九月の雨

september rain _ archive
⒊ 何か当たり前だったものが、貴重であったと気がつくのは、その貴重なものを当たり前に使って、使い捨てていた経験よりも貴重だと思う、不便が訪れるなら、その不便利な客人を歓迎して味わうしかない。それは貴重な体験をもたらすから、本当に歓迎して良い。 自分の見ている景色が変わるということが何よりも大切なのだということを時々思い出すべきだ。そして景色などというものは一瞬たりとも止まることなく、変化し続けていて、そのこと自体によって何も不具合が生じていないということが証明される。

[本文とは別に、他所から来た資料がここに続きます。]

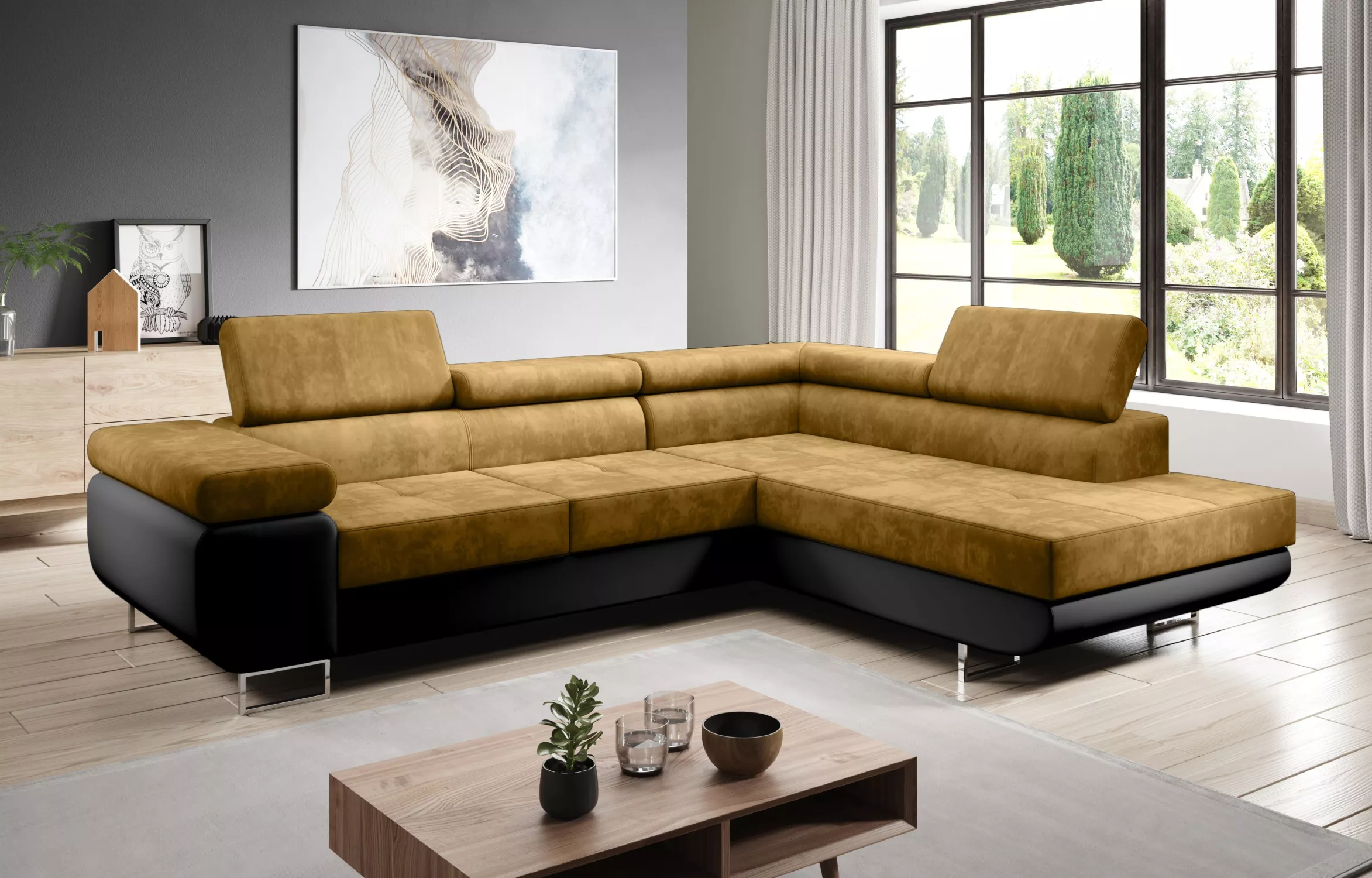 Rozkládací rohová sedačka PARASKA L - černá / hořčicová, pravý roh

⒉ 梅田のカリブのトレファクで、買うか迷っていた折り畳み式のキーボードが売れていた、1300円だった。だからどうということでもない、今使っているのと同じキーボードはもう予備まで買ってあって、今日もう一台届く。それは1,111円だった。必要なものはもう全て揃っているのだが、石油危機の危機感が煽られていて、今買えるものが、今後確実に買えなくなると思うと、あまり使いたくない金を、最近はいつもより使ってしまっている。もう何も買わないという段階に入りたいと思っている。
⒈ いつの間にが4月なのだが、それが何なのかと思う。時間が速く過ぎて、それで焦るというのはおかしい、何かこれ以外の時間の過ごし方が、まるであったかのように、反射的に思うのは少しおかしい。 普通の人間は何かの真似をしていると、最近は思う。これは間違っていないと思う。 どんなことも簡単に起こる。自分とは関係なく、どんなことも勝手に起こる、兄弟には子供ができる、友達は勝手に去って行く、家族はいつの間にか死んでしまう。知らない場所で会ったことのない少女は自殺する。気がついたら誰も残っていないみんな死んでしまう。取り返しのつかないことが実は、何とかなったのではないか、自分が行動を変えれば起こらないで済んだことが、実はたくさんあって。時間がいつの間にか過ぎているということが、その自分がやらなかった無数の行動の分だけ、大変に恐ろしくなる。 世界とは端的に恐怖だ。生きることや、知らない場所で過ぎてゆく時間のことを考えると、誰でも恐ろしくなる。未知を恐れることは、死を恐れることに似ているが、しは確実に存在するわけではないが、見知らぬ深海の深さのような未知は、空想の中で無限に増殖する。自分の手元にない広大な空間への恐れは、気を狂わせる種類の恐怖である。